I think the time has come for you to leave the notion of "observer" behind. It's overused in SR, IMHO, and when it comes to GR, it's problematic to describe spacetime in terms of "observers". Try to think in terms of coordinate systems instead.
Thank you so much.
Can you please give me an example which illustrates the use of coordinates.
 
  • #24
Kashmir said:
Thank you so much.
Can you please give me an example which illustrates the use of coordinates.
Your previous thread on the metric with the gravitational potential. That's the spacetime described using a certain coordinate system that does not correspond to a single observer.

Part of your confusion over proper time in GR may be due to trying to relate coordinate time at a location to the proper time of a clock at that location.
 
  • #25
Ibix said:
Kind of. The problem with observers is that there are often things they can't observe - inside event horizons or outside the observable universe, for example. Coordinate systems can cover regions you can't observe, and can be very helpful for predicting physics there.

But you are correct that all you are doing with a coordinate system is proposing a systematic labelling of all events (possibly only in a limited region). The coordinates don't have to have a trivial relationship to anything physical.
Thank you.
So suppose I've a coordinate system now, then how will these coordinates tell me what's going on?

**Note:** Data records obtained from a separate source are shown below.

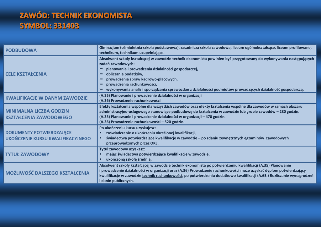 ZAWÓD: TECHNIK EKONOMISTA SYMBOL: 331403
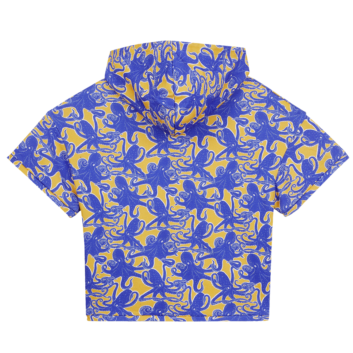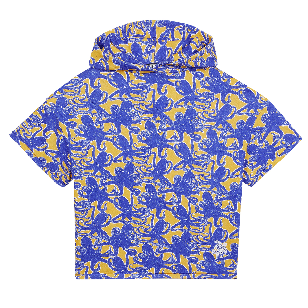 Ahtapotlarla süslenmiş, çok yönlü, dikkat çekici bu kapüşonlu tişört şortlar veya yaz pantolonları için mükemmel bir tamamlayıcıdır.
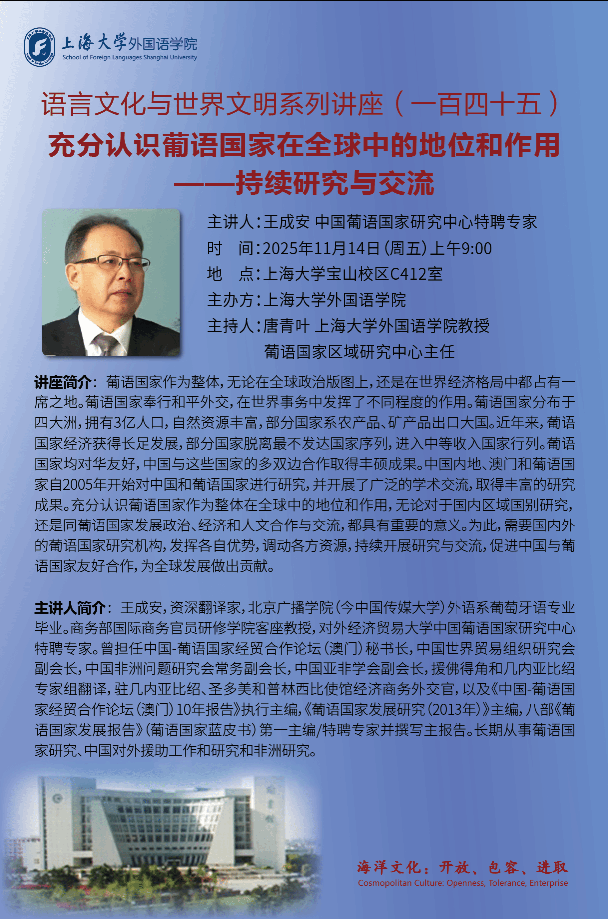 “语言文化与世界文明”系列讲座(一百四十五):充分认识葡语国家在全球中的地位和作用——持续研究与交流
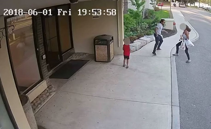 In an effort to identify and locate a suspect, Peel Regional Police have released a disturbing video appearing to show a woman being grabbed, pushed and hit as she was walking with a young child.
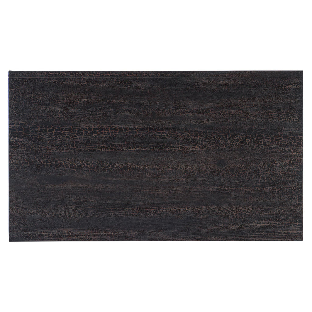 • Finish: Charred Timber: inspired by the restorative beauty of a fire-ravaged forest. Distressing includes worm holes, rasping, gauging, plane shock, hand plane, drawknife, wire brush and screw head. Dark brushed bronze metal legs and bail pulls.
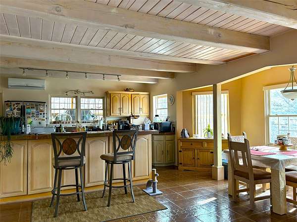 Welcome to a serene retreat nestled in the heart of the enchanting American Southwest. This custom-built, three-level home at 19 County Road 60A in Velarde, New Mexico, offers a harmonious blend of elegance and privacy. As you step into the majestic foyer, you're greeted by the warmth of beams with tongue and groove ceilings, complemented by tile floors that flow throughout the expansive 2,898 square feet of living space. There is a wood burning fireplace and natural gas is connected and in use. No propane tanks needed here. With four spacious bedrooms and 2.5 bathrooms, this single-family home is designed for comfort and style. The metal propanel pitched roof adds a touch of modernity, while the luxury terrace invites you to unwind and soak in the breathtaking views. Situated on nearly 8 acres of private land, this property boasts two private wells, ensuring a plentiful water supply. Its prime location offers a peaceful escape, yet it's conveniently positioned between the cultural hubs of Taos and Santa Fe, and just a stone's throw from the Rio Grande. Whether you're seeking solitude or adventure, this home offers the perfect balance. Embrace the opportunity to own a piece of the great American Southwest. Schedule a showing to experience it in person.
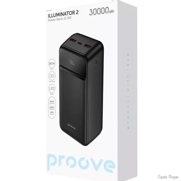 Power Bank Proove Illuminator 2 22.5W 30000mAh Black (PBIP30212201) (Код товару:41286)
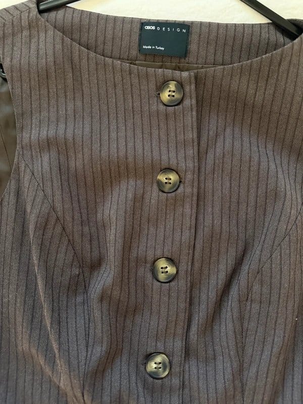 See all outfit ideasStylish ASOS sleeveless waistcoat in brown and black stripes. Made from a ribbed fabric, it features a button-through design for easy wear. Perfect for layering over tops or dresses.
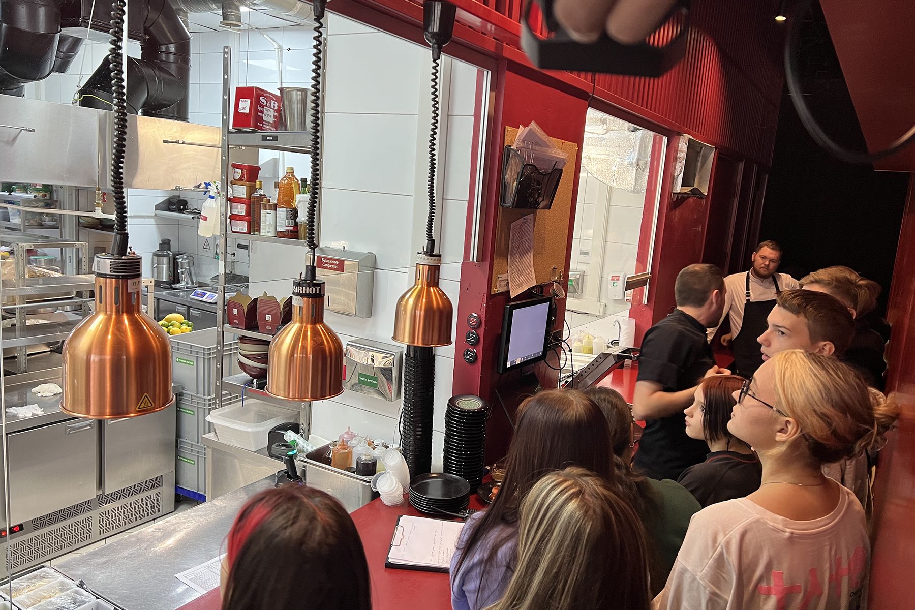 В ресторане паназиатской кухни «ZUMA», директор Мария Иноземцева показала, как устроен процесс приготовления блюд, как происходит процесс обслуживания клиентов. Шеф-кондитер ООО «Пять вкусов» Роза Захорян рассказала школьникам о том, чему можно научиться на практике в одном из лучших ресторанов Владивостока:
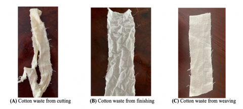 The textile industry has long grappled with the challenge of sustainability, particularly in waste managing the vast amounts of production waste. The growing crazy for cheap, trendy fashion in Europe has driven people to buy a whole lot more clothes over the past several years, this represents a significant 40% increase in the amount of clothing purchased per person. The textile industry is a significant contributor to the EU's overall environmental impact, accounting for around 2-10% of the total. Most textile production occurs in third countries, where the manufacturing process requires massive amounts of water, chemicals, and pesticides, particularly for cotton [1]. Cotton materials, also known as industrial waste, are the materials generated during the manufacturing process [2], More or less 100 million tons of cotton waste was generated yearly, Accounting for approximately 35 to 40 percent of the total global textile waste. Nevertheless, less than 30% of this cotton waste was recycled [3]. In Thailand, many textile and fashion factories in Bangkok and surrounding areas generate fabric waste [4]. According to a recent study, 77% of Thai adults discarded clothing in the past year, with 40% disposing of over ten items and 25% throwing away at least three garments after wearing them only once. Millennials exhibit higher turnover rates, with 20% discarding clothes within a year [5]. As well as, Thailand exported $2.68 million in cotton waste, primarily to Japan, Malaysia, and Spain. Industry reports project continued growth in textile waste, which is addressed through methods like source reduction, recycling, landfilling, and incineration [6]. The study found that textile production and processing across the apparel industry generates significant waste. Fiber production and processing lead to 9-40% fiber loss, particularly in processing staple fiber like cotton and synthetics. In the assembly stage, 12.5% of fabric is lost through cutting and sewing inefficiencies. At the end-of-life stage, 80% of textile waste is landfilled [7].
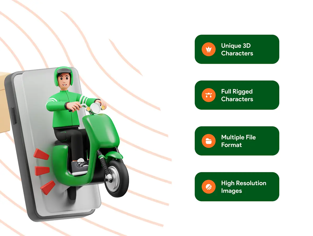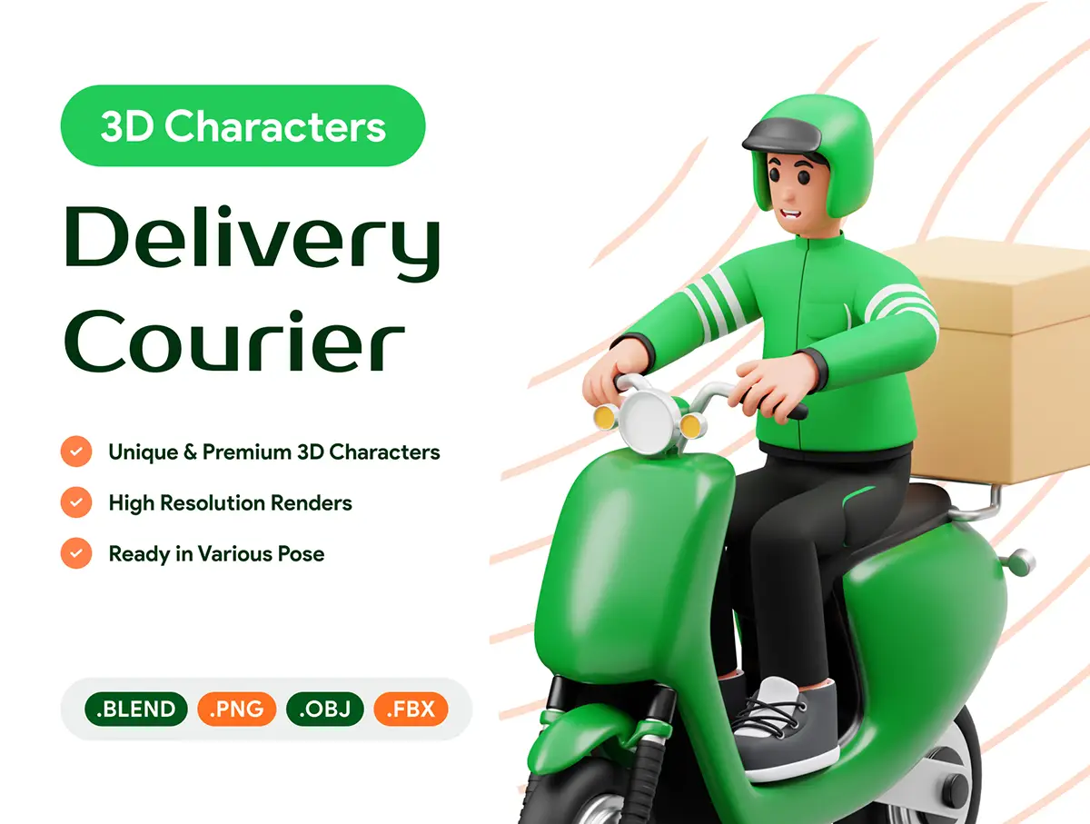 模漾网-11P-人物卡通快递员角色场景-已骨骼绑定-C4D模型
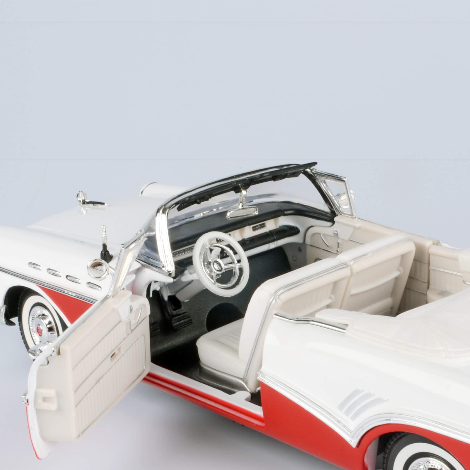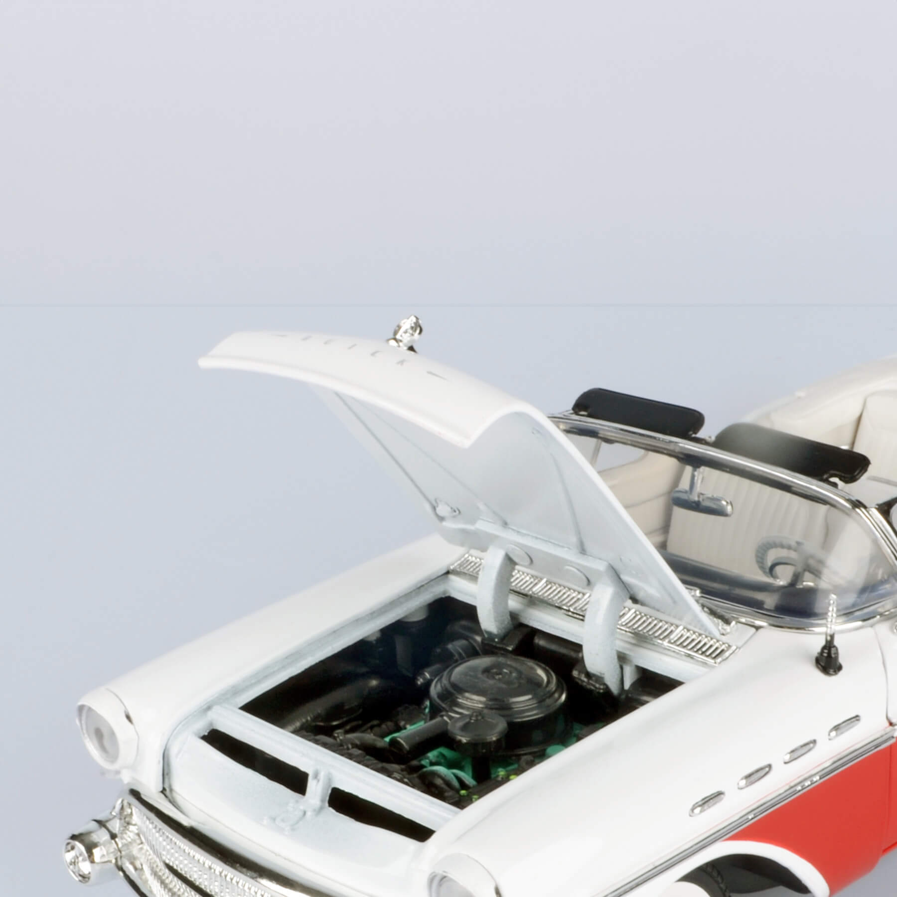 This “master” of the road has been resurrected in 1:18 scale with all the details you remember. Chromed toothy “man-eater grilles, 300HP V-8, deluxe wraparound windshield and of course the trademark chrome portholes. Every aspect of this classic car has been faithfully recreated to capture the essence of its legendary design. The vibrant two tone paint finish gleams under the light. Admire the intricate interior detailing, from the plush upholstery to finely crafted dashboard and steering wheel.
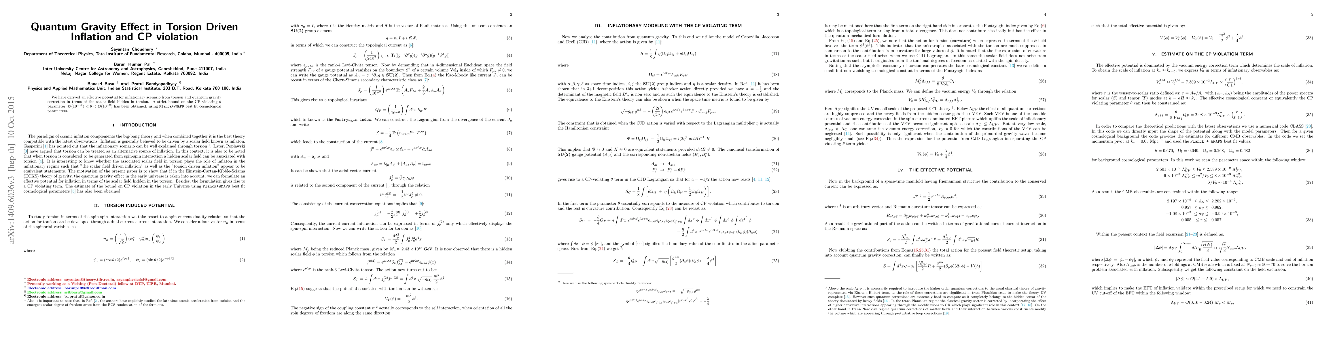 We have derived an effective potential for inflationary scenario from torsion and quantum gravity correction in terms of the scalar field hidden in torsion. A strict bound on the CP violating $\theta$ parameter, ${\cal O}(10^{-10})<\theta<{\cal O}(10^{-9})$ has been obtained, using {\tt Planck+WMAP9} best fit cosmological parameters.
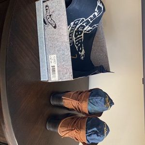 These boots were worn twice. Excellent like-new condition! All leather. These are designed to have a “worn”, rustic look, so imperfections are part of the design. This style is always sold-out, and hard to find! Already have too many boots, so didn’t really wear these, and hate to see them sit in my closet. Gorgeous on, and very comfy slip-in style!! Comes with original inserts and box for storage.
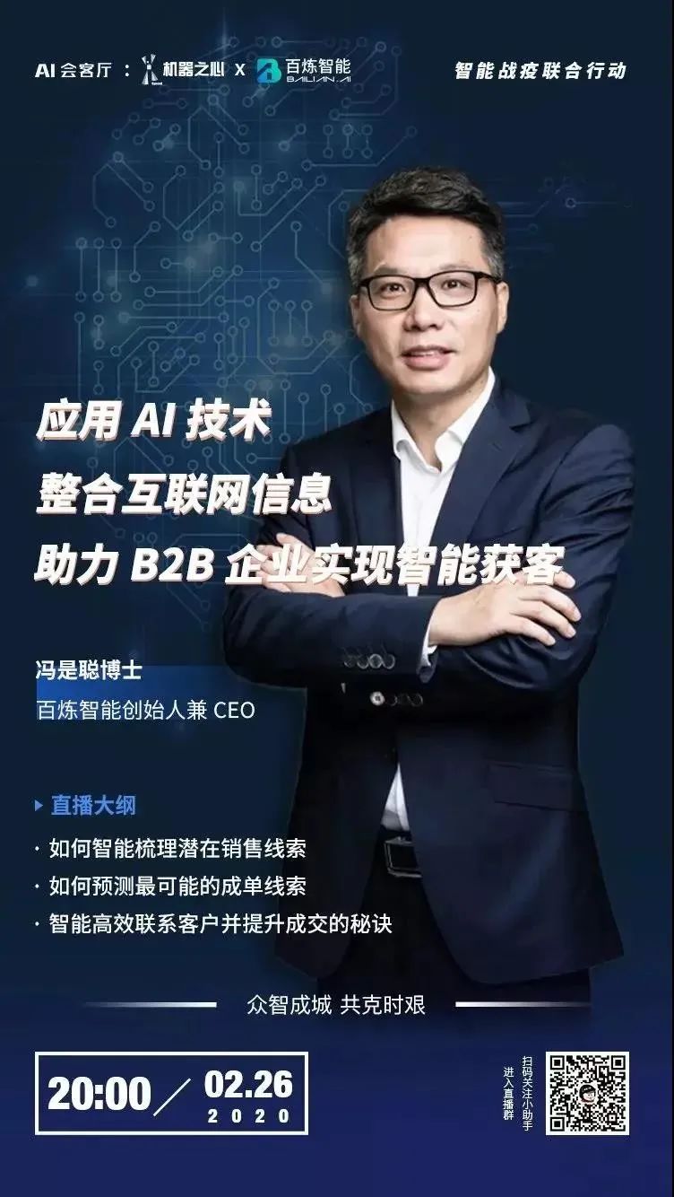 疫情突如其来,公司业务受阻,如何改变营销策略实现线上突围?智能战疫「AI+营销自动化」在线分享第一期,机器之心邀请到了百炼智能创始人兼 CEO 冯是聪博士,给大家支招如何应用 AI 技术,助力 B2B 企业实现「非接触」式线下智能获客。2月26日(周三)20:00,识别二维码添加机器之心小助手,立即加入直播群。
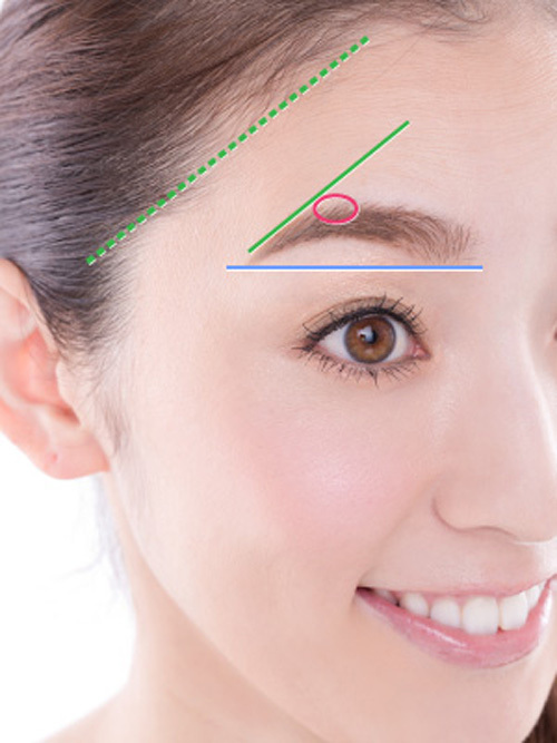 「眉尾」的部分則是要跟眉頭底部保持平行的狀態。
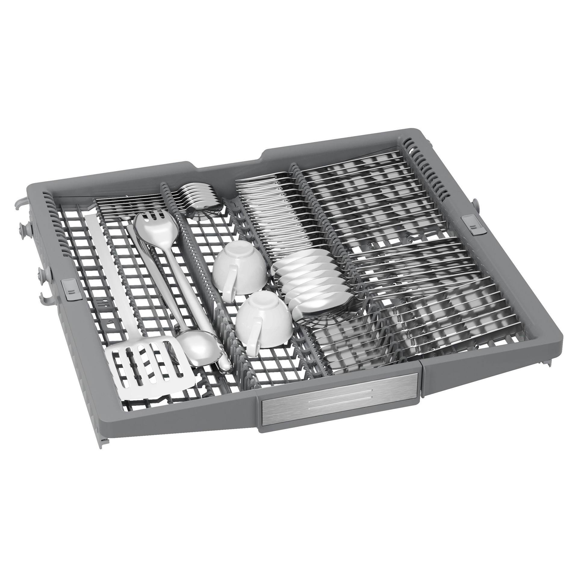 Le 3e panier flexible est doté d'ailes extensibles qui s'abaissent facilement pour accueillir davantage d'articles plus profonds. Les dents réglables vous permettent de personnaliser l'espace de chargement du casier pour accueillir les ustensiles encombrants ou difficiles à manipuler.
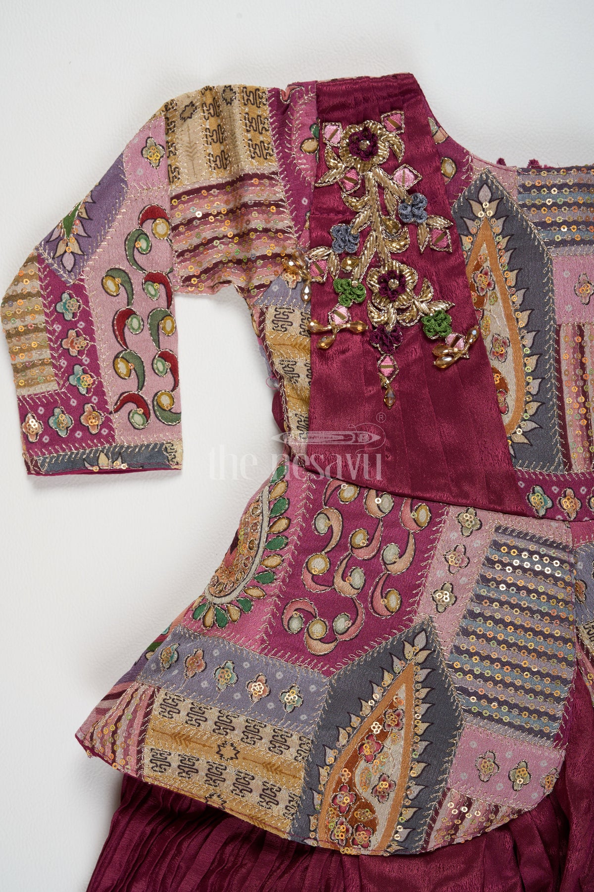 This elegant formal & gown diwali dress is designed for young girls who love to make a bold fashion statement during special celebrations like Diwali and family gatherings. The gown features a rich blended silk material, offering both comfort and a luxurious appearance. Its standout feature is the intricate patchwork embellishment on the bodice, which adds a touch of artisanal beauty and sophistication. The deep burgundy hue of the skirt, pleated to perfection, enhances the gown’s regal charm, while the unique asymmetrical design draws attention to its creative styling.The gown’s bodice showcases colorful, detailed embroidery with an ethnic patchwork style, adding a festive flair perfect for traditional events. The 3/4 sleeves and round neckline provide a balanced, modest look, making this gown ideal for family gatherings, photoshoots, and formal occasions. Designed for easy movement, the flowy, voluminous skirt gives it a twirl-worthy appeal, making it perfect for active young girls. This blended silk gown ensures that your child stays comfortable while looking her best throughout the celebrations.
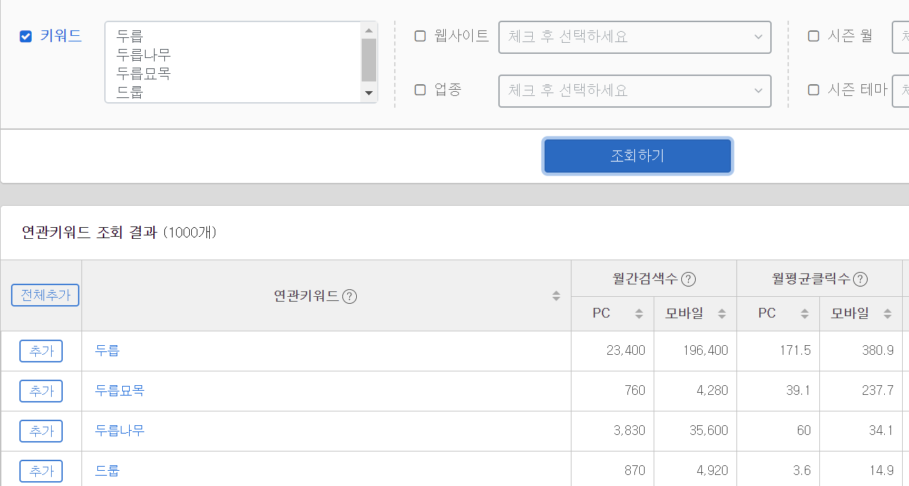 아래 보시는 바와 같이 월감 검색수를 일단 체크하시면 되겠습니다.
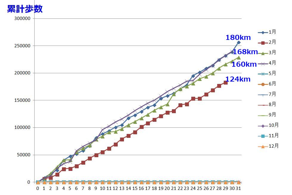 1−4月の歩行記録これを見ると2月は体調が良くなくて歩数も少なかったことが良く解る、まさに健康のバロメータ。 |

How do we interpret these coordinates to understand what is happening?
 
  • #26
Kashmir said:
Thank you.
So suppose I've a coordinate system now, then how will these coordinates tell me what's going on?
How do we interpret these coordinates to understand what is happening?
That's all covered in Hartle's book. Essentially you make predictions about local measurements. E.g. you cannot directly measure a light ray traveling through space. But, you can predict the angle of incidence when it is detected on Earth. From that you infer that your model of spacetime is accurate.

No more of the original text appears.